I'm investigating the delete [] operator, and I was wondering this - Why can't I make another array elements assignment on that same pointer that I deleted earlier using the 'delete []' operator?
Here is what I was doing:
int *a = new int[n];
cout << "Enter array elements:" << endl;
for (int i = 0; i < n; i++)
cin >> a[i];
cout << "a address: " << &a << " points to: " << a << endl;
cout << "a: "; printArray(a,n);
delete [] a; cout << "deletes a" << endl;
cout << "Enter new a elements:" << endl;
for (int i = 0; i < n; i++)
cin >> a[i];
cout << "a address: " << &a << " points to: " << a << endl;
cout << "a: "; printArray(a,n);
And the output is:
Enter array elements: 1 1 1
a address: 0025FAAC points to: 001172C8
a: 1 1 1
deletes a
Enter new a elements: 2 2 2
a address: 0025FAAC points to: 001172C8
a: -572662307 -572662307 -572662307
What is the reason for this?
Doing this:
int * x = new int[3];
x[0] = 1;
x[2] = 2;
delete [] x;
x[0] = 3; // <-- Undefined Behavior!
Dereferencing a pointer that points to memory that you've deleted is undefined behavior.

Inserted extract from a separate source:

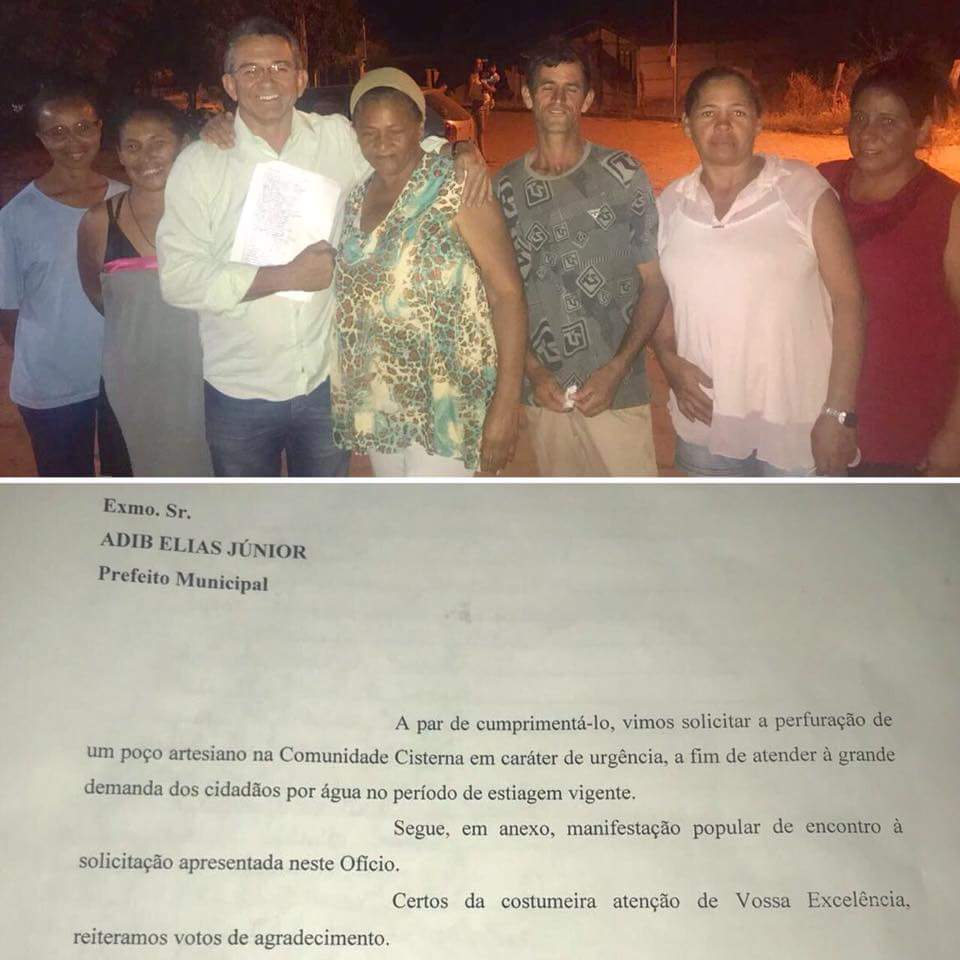 O presidente da Câmara Municipal de vereadores e pré – candidato a deputado estadual Deusmar Barbosa, visitou nesta quarta ( 04) , à Comunidade Cisterna para mostrar aos moradores pedido que esta encaminhando ao prefeito Adib Elias.

Continuing to use that pointer will cause your program to behave in undefined ways including possibly crashing or having any number of other issues.
That being said, x is just a variable. So we can keep using the variable. We just can't continue to use what it pointed to. So let's look at some code to explain this:
int * x = new int[3];
x[0] = 1;
x[2] = 2;
delete [] x;
x = NULL;
x = new int[4];
x[3] = 4; // <-- This is fine.